Er bestaat géén god. En da’s maar goed ook, want anders zou ik ertegen
in opstand moeten komen. Wie zo'n stelligheid leest denkt misschien dat achter zo’n
levenshouding een eenzame mens schuilt. Daarin vergist die lezer zich: alleen
ja, eenzaam neen. Alleen-zijn is mijn natuur. Ik ben een asociale socialist,
een teruggetrokken revolutionair, een schrijver zonder publiek, een passieve
activist, een alleenwonende vrijer, een antiklerikaal die van Bachs kerkmuziek houdt,
een atheïst die graag Johannes van het Kruis leest:
‘Waar houdt Gij U verscholen,
Geliefde, die mij achterliet, in stenen,
En, vluchtend hert, ging dolen
Van wie uw pijl deed wenen?
Ik riep U na, en riep, maar Gij waart henen.’

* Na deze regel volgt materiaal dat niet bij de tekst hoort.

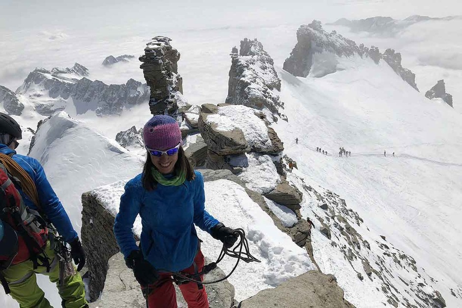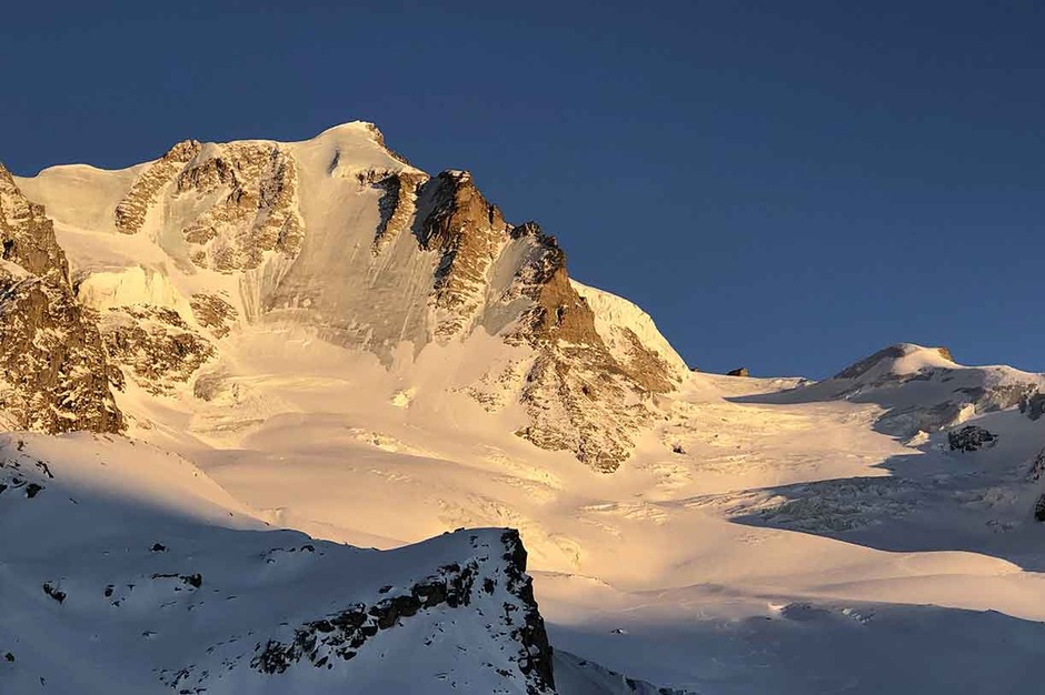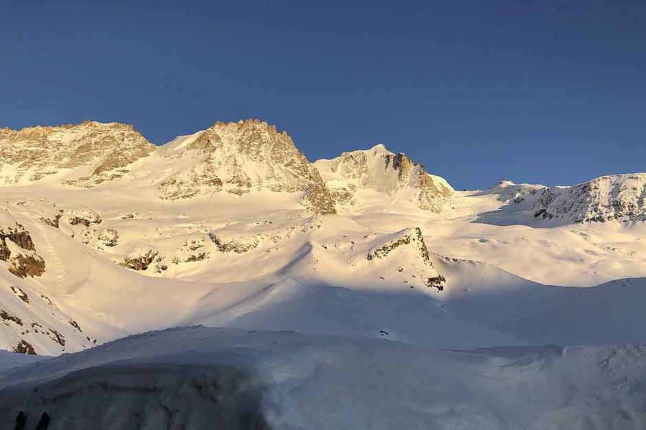 Il giorno seguente ci siamo svegliati alle 6 con con un'alba spettacolare sulla cima più alta delle Alpi, il Monte Bianco, con i suoi 4810 metri. Dopo una ricca colazione, siamo partiti alla volta della vetta.

Ik hou van de verhalen over God,
die Joy Williams schreef. (°) Ze staan op de plank van boeken die ik lees, lees
en herlees: Isaak Babel, A.L. Snijders, Etgar Keret op voorwaarde dat hij het heel erg kort weet te houden, Leonora Carrington en nu ook de 99 van Joy Williams,
waarvan ik er u eentje meegeef.
‘Een dierenarts die dol was op katten en ze vaak behandelde ten koste
van zijn andere patiënten, waarvan er sommige inderdaad doodgingen doordat ze
niet onmiddellijk werden behandeld terwijl hij zich om de katten bekommerde,
stierf bij een eenzijdig auto-ongeval toen hij rond vespertijd onderweg naar
huis was en plotseling voor een kat uitweek en tegen een boom knalde.
Het was onduidelijk waarom de kat midden op de weg zat.’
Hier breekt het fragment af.